OCCDS (Occurrence Data Structure) -- One Row per Event

OCCDS v1.1 (Nov 2021) handles AE, CM, MH. Variables: AEDECOD, AEBODSYS, AESEV, AESER, ASTDT (analysis start date), AENDT, TRTEMFL.

OCCDS v1.1 added TRTEM01FL through TRTEM##FL for multi-period treatment-emergent flags — essential for crossover and multi-phase studies where a single TRTEMFL is ambiguous.

ADTTE (Time-to-Event) -- The CNSR Convention Trap

The ADaM BDS for TTE v1.0 uses BDS structure with extra variables for survival analysis:

STARTDT -- time origin (typically TRTSDT for OS; RANDDT for PFS; response date for DOR)
ADT -- analysis date (event date if event, censoring date if censored)
AVAL = ADT - STARTDT (+1 if "first day = day 1" convention)
AVALU = 'DAYS' (or 'MONTHS' for some endpoints)
CNSR -- censoring indicator. CONVENTION: CNSR = 0 for events; positive integers for censoring, integer encodes censoring reason
EVNTDESC -- text description ('Death due to disease', 'Last alive contact')
CNSDTDSC, SRCDOM, SRCVAR, SRCSEQ -- traceability back to SDTM source

The CNSR convention is OPPOSITE to most statistical packages, which use 1 = event. R survival::Surv(time, event) expects event=1; SAS PROC LIFETEST takes CENSORED= statement that's opposite to CNSR convention. This is a perpetual bug source. When passing ADTTE to analysis:

# Convert CDISC ADTTE CNSR to R/Python statistical convention
adtte['event'] = (adtte['CNSR'] == 0).astype(int)  # 1 = event for survival packages

Define-XML 2.1

Every ADaM dataset requires variable-level metadata in Define-XML 2.1 (FDA-required for studies starting on/after March 15, 2023; support began March 15, 2021). Fields per variable:

Origin -- CRF, derived, predecessor SDTM variable
Derivation rule -- free text or controlled algorithm
Codelist -- linked controlled terminology
Length, datatype, label

The FDA reviewer's Analysis Data Reviewer's Guide (ADRG) is now expected in every NDA/BLA — walks reviewer through how each analysis dataset was built.

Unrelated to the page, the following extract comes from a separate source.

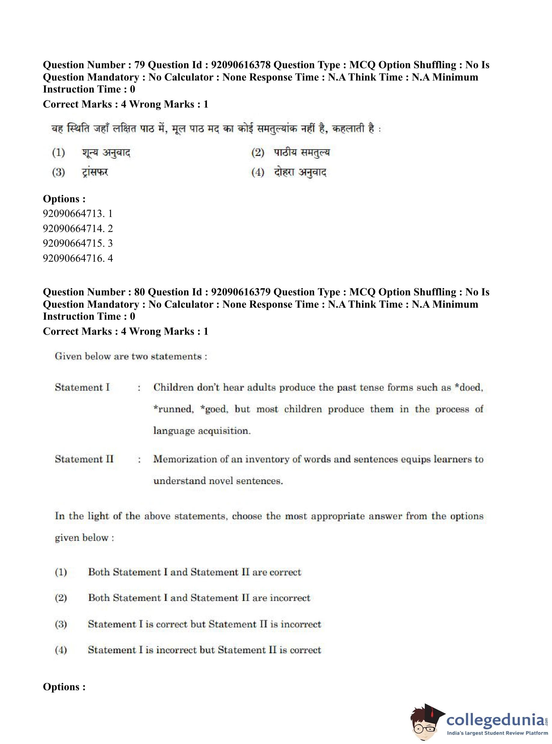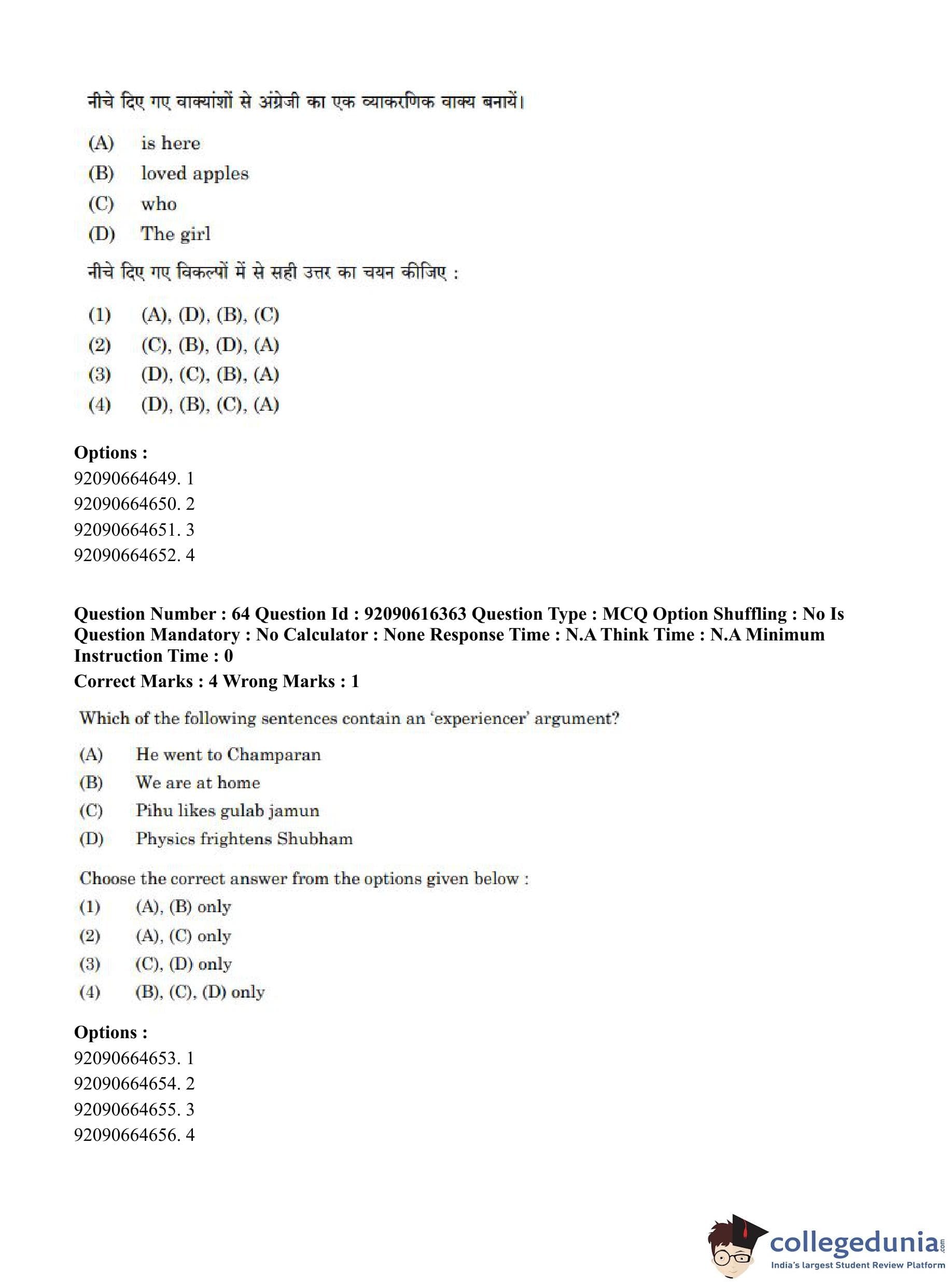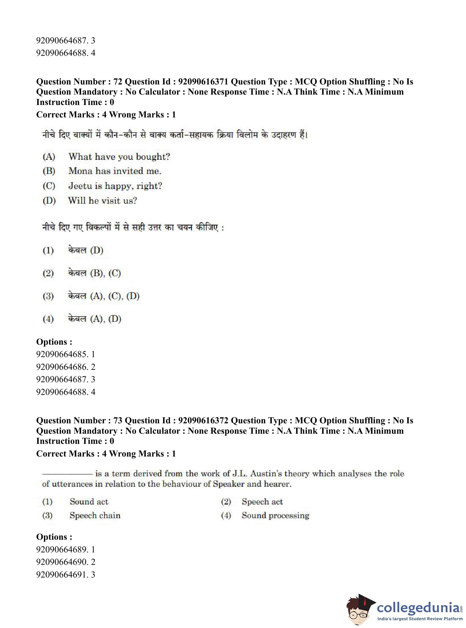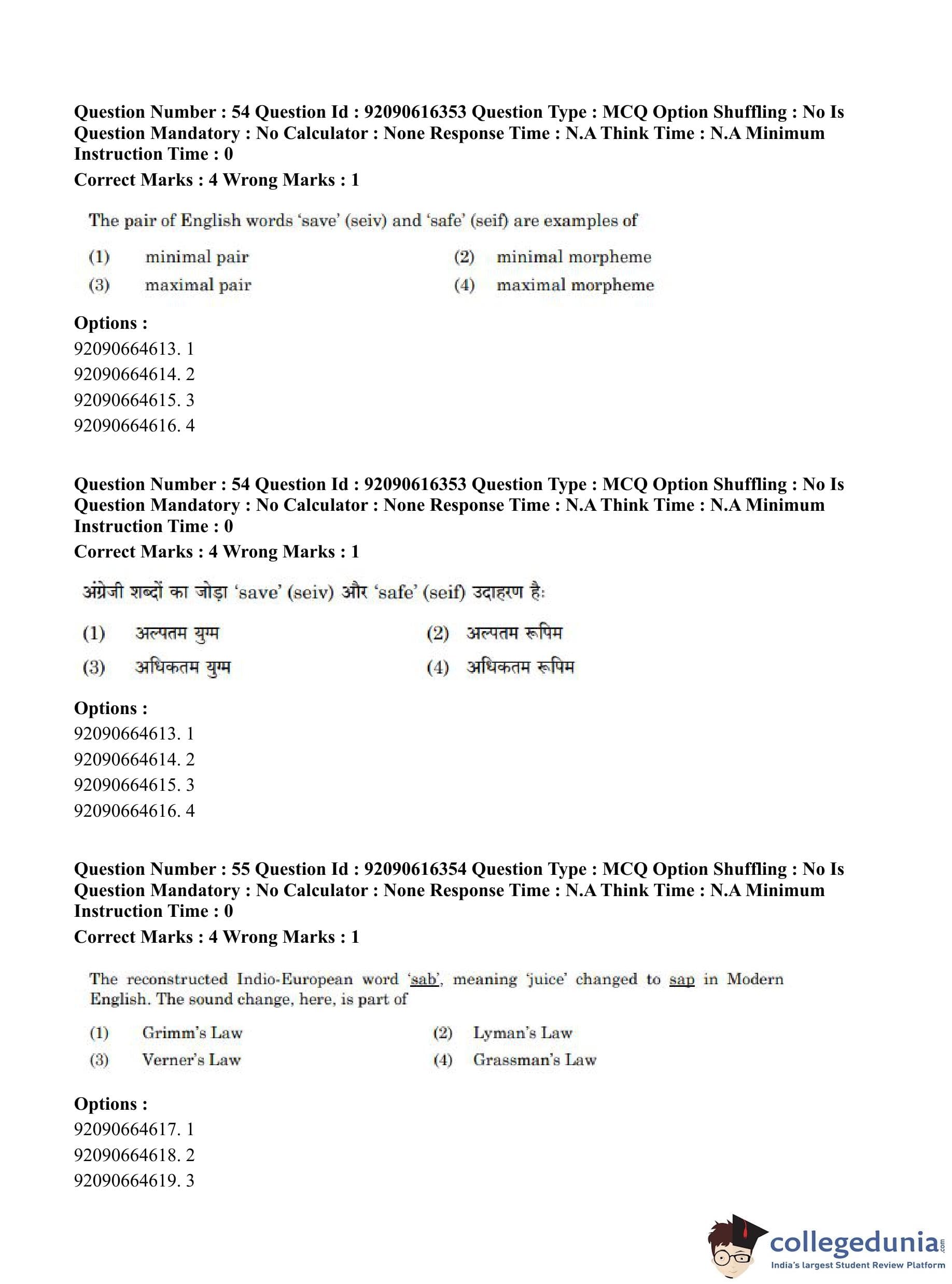 CUET PG 2023 Linguistics Question Paper in Hindi (June 14 - Shift 1)

Two-level traceability expectation: SDTM raw -> ADaM analysis-ready, with no orphan derivations. FDA reviewers explicitly trace AE counts in CSR table -> ADAE rows -> AE SDTM rows. Any break is a flag.

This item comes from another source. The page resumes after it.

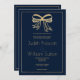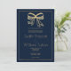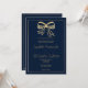 Invitación Simple navy blue gold glitter bow ribbon Wedding
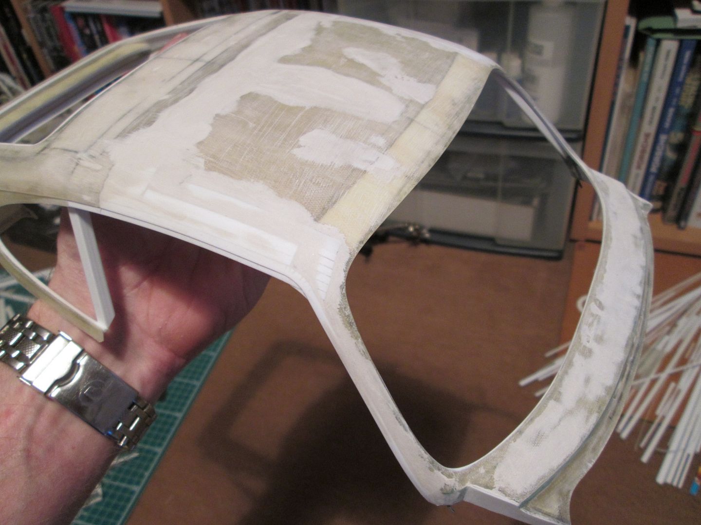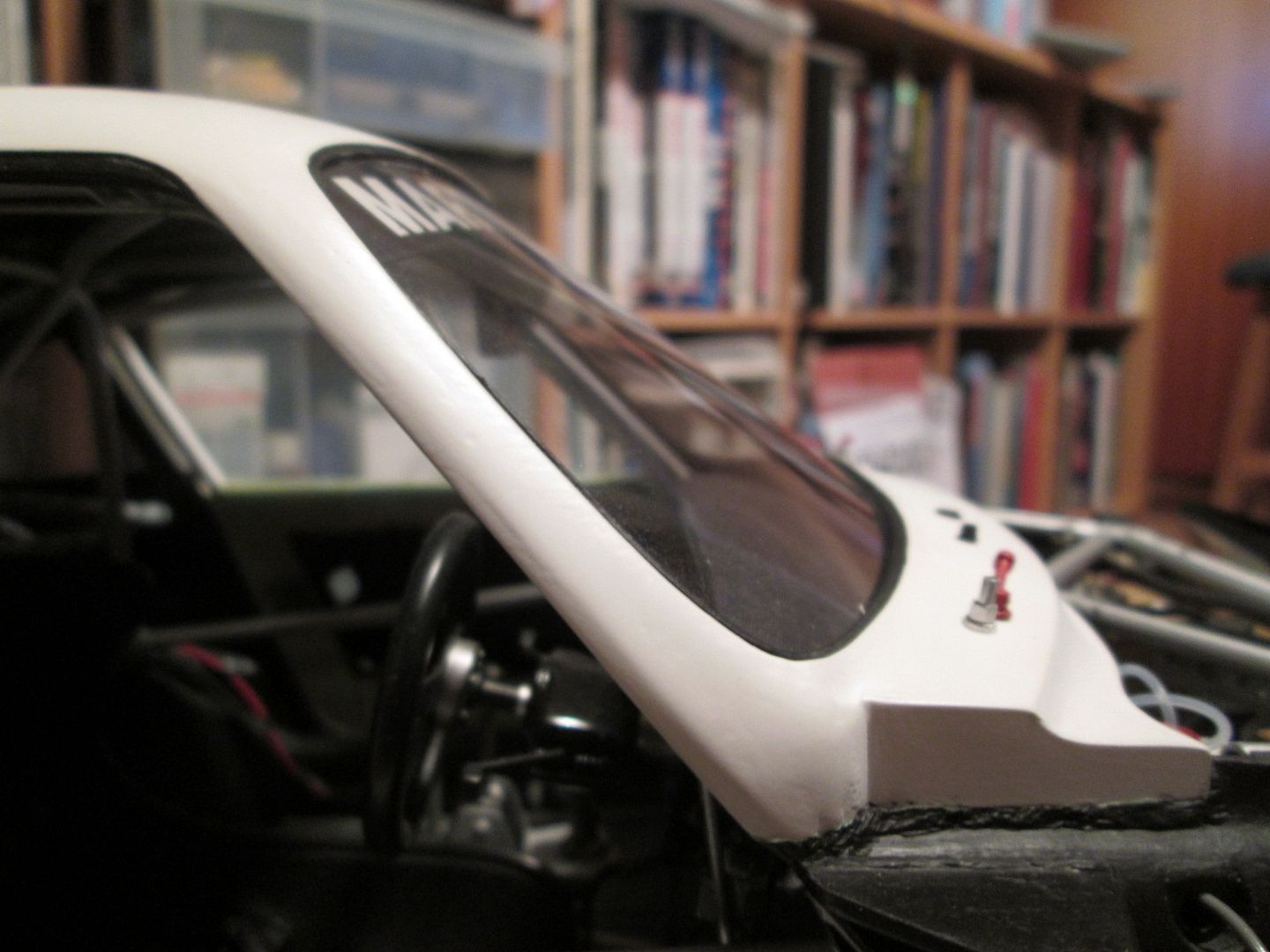 The original curve of the top edge was definitely much flatter, and would have caused problems when it came to fitting the windscreen. I extended the curve so it was more a of a match for the lower edge, and I'm happy with the result. Life was so much easier when I was making models that didn't have roofs!

Treatment-Emergent AE -- The Convention Variation

ICH E2A (1995) defines an AE generically. TEAE is sponsor-defined:

TRTEMFL = 'Y' if AE.ASTDT >= TRTSDT AND AE.ASTDT <= TRTEDT + X days

X = post-treatment follow-up window. Common values:

Small molecules: 28 or 30 days
Biologics with extended half-life: longer (e.g., 60-90 days for mAbs)
Cell/gene therapy: indefinite (lifelong monitoring expected)

Sponsor variation:

Day-of-first-dose AE included as TEAE (FDA preference) vs excluded (some EMA reviewers)
Partial-date imputation: impute day 15 if only month/year known, vs censor as missing
Worsening of pre-existing AE: flagged via SEV change vs requires new PT (preferred term)

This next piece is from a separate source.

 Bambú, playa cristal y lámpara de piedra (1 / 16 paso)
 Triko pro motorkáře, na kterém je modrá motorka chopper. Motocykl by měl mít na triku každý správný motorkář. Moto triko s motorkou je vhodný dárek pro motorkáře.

MedDRA SOC/PT hierarchy: AEs coded to MedDRA Preferred Terms (PT), grouped by System Organ Class (SOC). Clinically related PTs (e.g., 'Diarrhea' / 'Frequent bowel movements' / 'Loose stools') often combined via Standardized MedDRA Queries (SMQs) or sponsor-defined groupings. ADAE typically carries both AEDECOD (PT) and SMQ/group flags.

Baseline Derivation

ABLFL = 'Y' marks the record whose AVAL becomes BASE for all other records of the same subject/parameter.

Standard rule: last non-missing assessment on or before first dose (TRTSDT). If protocol mandates a specific baseline visit ('Day 1 pre-dose'), that visit's record is flagged.

# Derive ABLFL when SDTM baseline flag is missing/inconsistent
import pandas as pd

vs['VSDTC_dt'] = pd.to_datetime(vs['VSDTC'], errors='coerce')
vs = vs.merge(adsl[['USUBJID', 'TRTSDT']], on='USUBJID')
vs['is_pre_treatment'] = vs['VSDTC_dt'] <= pd.to_datetime(vs['TRTSDT'])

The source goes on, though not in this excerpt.